»»
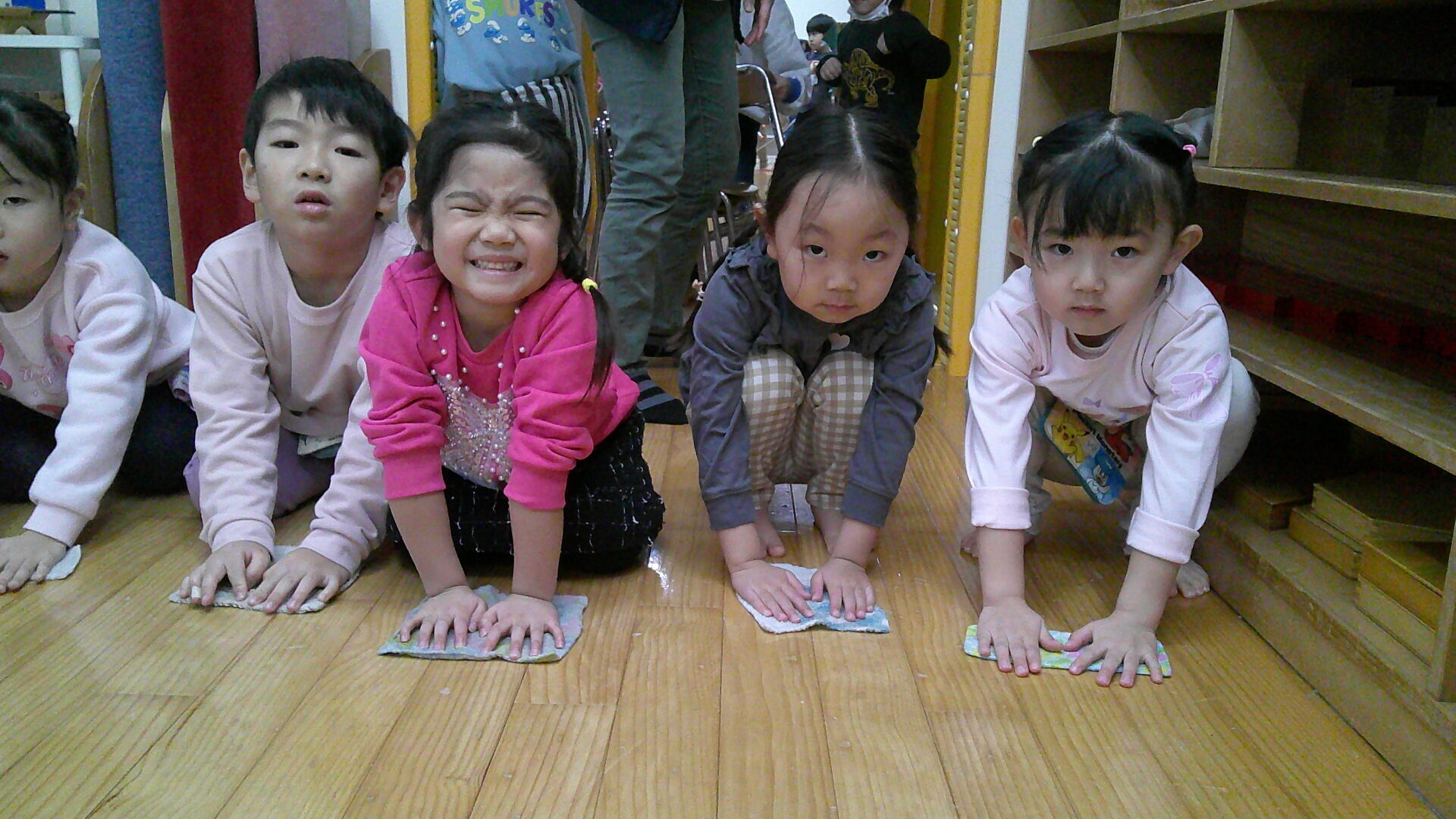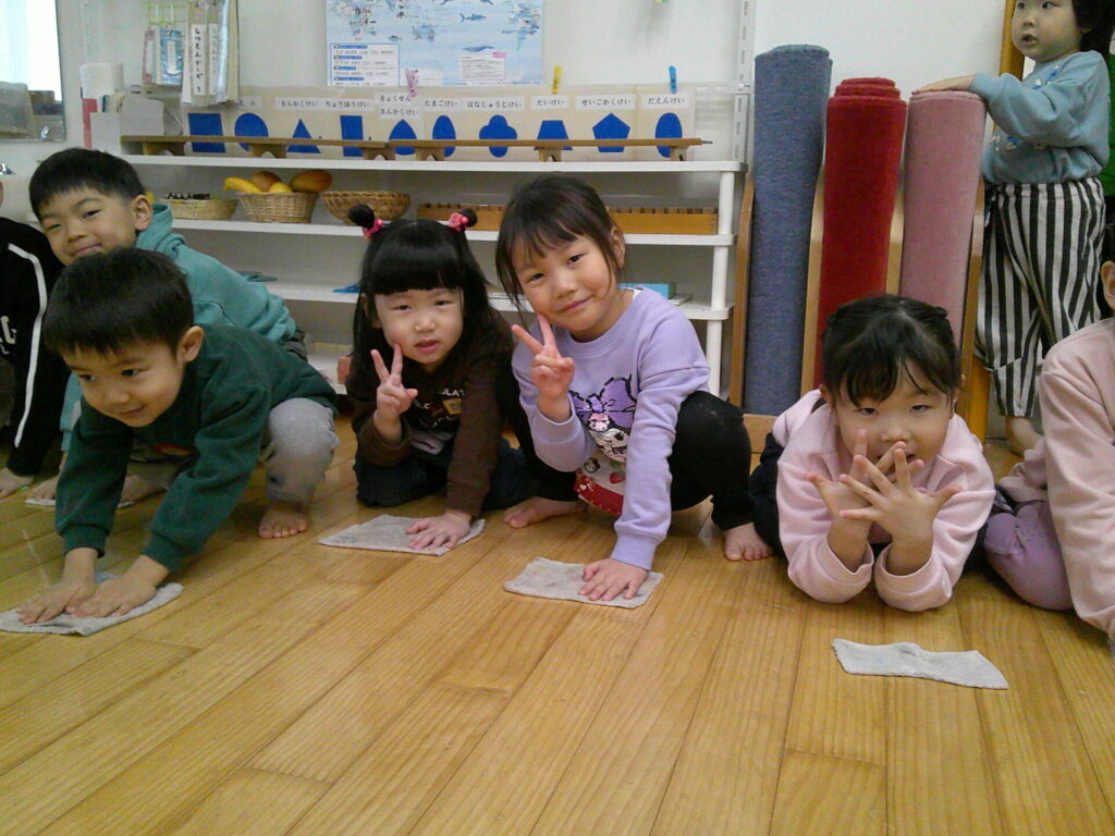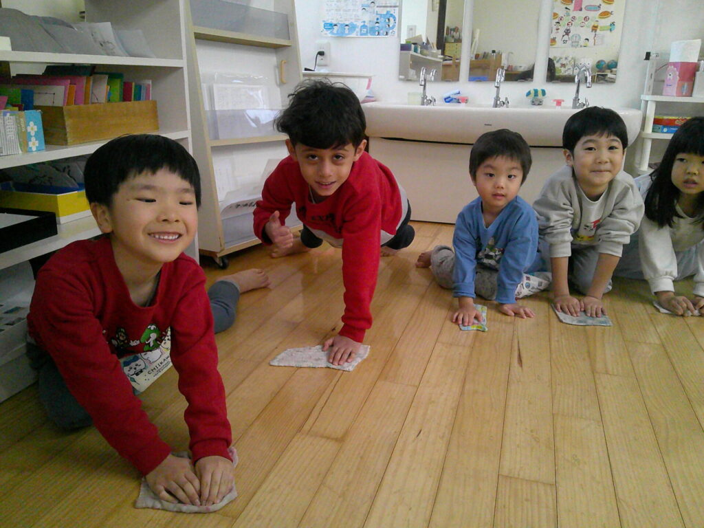 今日はみんなでお部屋の大掃除をしました!教具や棚を丁寧に拭いてくれたり、椅子や机、床も吹いてくれたちゅうりっぷ組の皆さんです✨棚の中もピカピカにしてくれた子ども達。青バッチさんやお引越ししてしまうお友達は棚の中が空っぽで何も入っていないのを見て「何も入っていない!」と嬉しそうにしていましたよ🌟
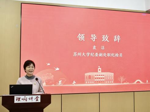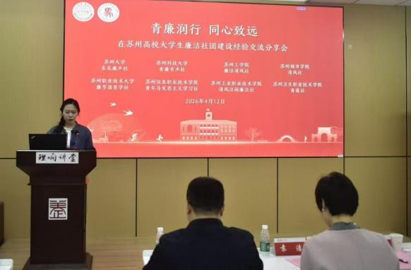 为深入贯彻落实新时代廉洁文化建设要求,推动在苏州高校廉洁社团互学互鉴、协同发展,2026年4月12日,由欧美色情片 “东吴廉声”社发起的“青廉润行 同心致远”在苏州高校大学生廉洁社团建设经验交流分享会在欧美色情片 养正社区理响讲堂召开。欧美色情片 纪委副处职纪检员袁洁,欧美色情片 党委副处职组织员、“东吴廉声”社党员指导老师王静,习近平新时代中国特色社会主义思想概论教研室主任、“东吴廉声”社业务指导老师吉启卫,以及八所在苏州高校大学生廉洁社团负责人及及代表出席会议。活动由“东吴廉声”社副社长陈芷宇主持。
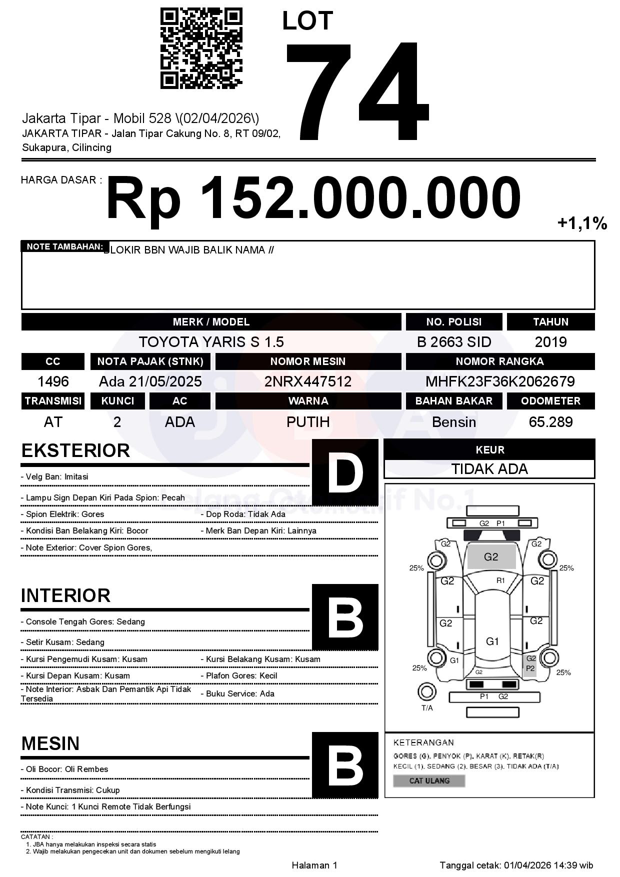 Tanggal Lelang: 02/04/2026 | 13:00 WIB
««
What this task involves
Restate the material word for word; no picture should appear in the copy.

Exercise solution
 今日はみんなでお部屋の大掃除をしました!教具や棚を丁寧に拭いてくれたり、椅子や机、床も吹いてくれたちゅうりっぷ組の皆さんです✨棚の中もピカピカにしてくれた子ども達。青バッチさんやお引越ししてしまうお友達は棚の中が空っぽで何も入っていないのを見て「何も入っていない!」と嬉しそうにしていましたよ🌟
 为深入贯彻落实新时代廉洁文化建设要求,推动在苏州高校廉洁社团互学互鉴、协同发展,2026年4月12日,由欧美色情片 “东吴廉声”社发起的“青廉润行 同心致远”在苏州高校大学生廉洁社团建设经验交流分享会在欧美色情片 养正社区理响讲堂召开。欧美色情片 纪委副处职纪检员袁洁,欧美色情片 党委副处职组织员、“东吴廉声”社党员指导老师王静,习近平新时代中国特色社会主义思想概论教研室主任、“东吴廉声”社业务指导老师吉启卫,以及八所在苏州高校大学生廉洁社团负责人及及代表出席会议。活动由“东吴廉声”社副社长陈芷宇主持。
 Tanggal Lelang: 02/04/2026 | 13:00 WIB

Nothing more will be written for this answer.